Porém, pensamos aqui em uma terceira perspectiva epistemológica na leitura do conceito, que surge do somatório de esforços em campos distintos do conhecimento, na crítica aos processos formativos dos discursos ideológicos. Não se trata aqui de uma teoria sistematizada, mas de um empenho convergente no sentido de entender como e por que as pessoas compartilham o conhecimento e

dessa forma constroem uma realidade comum (JODLET, 2002).
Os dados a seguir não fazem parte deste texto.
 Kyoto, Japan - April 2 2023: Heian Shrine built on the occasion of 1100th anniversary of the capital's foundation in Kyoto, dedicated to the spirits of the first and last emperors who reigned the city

Nessa concepção, o sujeito é enquadrado em um ambiente vinculado a certos graus simultâneos de autonomia e dependência, preservando o seu caráter individual e também relacional.

Tal perspectiva não compartilha da visão que avalia nas identidades sociais uma mera abstração que, por ser do campo das representações, se estabeleceria como uma ilusão, na dependência exclusiva da subjetividade dos sujeitos. Como as identidades culturais - e dentre elas as identidades territoriais - apresentam um caráter, ao mesmo tempo, de mobilidades e permanências (muitas das quais observadas no longo prazo), acreditamos que a melhor abordagem do tema está em um enfoque que enxergue nessas representações o resultado de um processo dialético, de construção social, que se dá no âmbito de circunstâncias sócio- históricas e culturais específicas; do homem no tempo e no espaço.
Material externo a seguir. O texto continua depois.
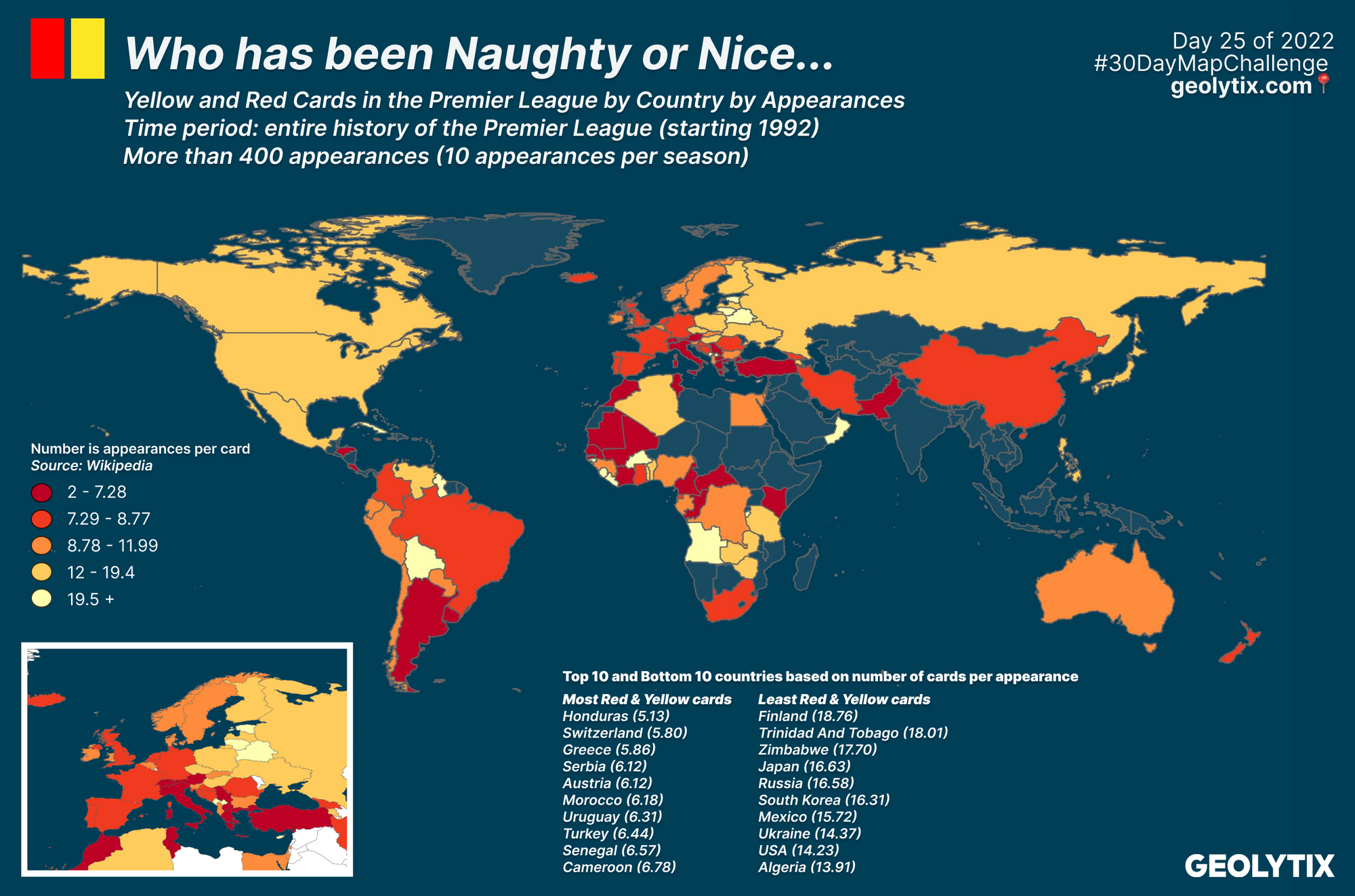 Yellow and Red Cards in the Premier League by Country by Appearances

Ao considerar as identidades sociais situacionais e relacionais tira-se o foco de reificações habituais, encontradas, via de regra, nas visões localistas. Enfatiza- se, assim, o poder de significação e criação das identidades, como representações estruturadas, a partir das quais se pode pensar a continuidade de uma lógica de narrativas que explicam a existência das tradições socialmente compartilhadas; e representações estruturantes, que permitem a compreensão das constantes mudanças como processos constitutivos das organizações sociais.
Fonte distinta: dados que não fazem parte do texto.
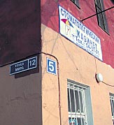 Мы сворачиваем в короткую улочку, запруженную машинами: слева — забор, справа — ряд обшарпанных домов из красного кирпича, впереди — тупик. Краем глаза я замечаю табличку на углу одного из зданий: "Мира, 12". На нем две вывески — "Стоматология" и "Продукты".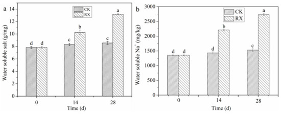 After 14 and 28 days of incubation, the water-soluble salt content increased from 7.84 to 8.32 and 8.56 g/kg in the CK treatment and from 7.84 to 10.25 and 13.18 g/kg in the RX treatment (Figure 4a). The application of the medium increased the salt solubility slightly, but the change between 14 and 28 days was not significant. ZH-1 inoculation increased the salt solubility by 23.20% and 53.97% compared with CK after 14 and 28 days of incubation, respectively. In addition, the change of water-soluble Na+ was similar to that of the water-soluble salt (Figure 4b). Water-soluble Na+ increased slightly with the incubation time in the CK treatment. However, its content increased more than 54.59% and 78.75% after 14 and 28 days of incubation, respectively, in the RX treatment. These results indicate that ZH-1 can enhance the release of salt in BR.

Em síntese, tomamos aqui as identidades como representações sociais, resultado de percepções compartilhadas, que permitem ao sujeito sua localização no mundo, nas relações sociais e sua preparação para a ação (MOSCOVICI, 2003). Esse compartilhamento se dá a partir daquilo que o cientista social francês Pierre Bourdieu (2006: 9) chama de “poder simbólico”, que não se apresenta como arbitrário e, por isso, obtém sua legitimidade. Dessa naturalização da ordem social é que surgem as possibilidades de concordância, de criação de uma realidade comum, de onde emergem as identidades sociais no alinhamento entre nossa subjetividade individual com os lugares objetivos que ocupamos na sociedade, “suturando”20

o sujeito à estrutura.

20

A noção de identidades territoriais como representações sociais pressupõe, portanto, os seus processos constitutivos estruturando-se, no tempo e espaço, a partir de fontes diversas fornecidas pela biologia, história, geografia, instituições produtivas e reprodutivas, pela memória social, e aparatos de poder. A organização desses materiais se dá, como dissemos anteriormente, em uma perspectiva de coexistência entre certos graus de autonomia e dependência, sendo os seus significados reestruturados pelos indivíduos, grupos sociais ou sociedades, em razão das tendências sociais e projetos culturais enraizados ou emergentes em sua estrutura social.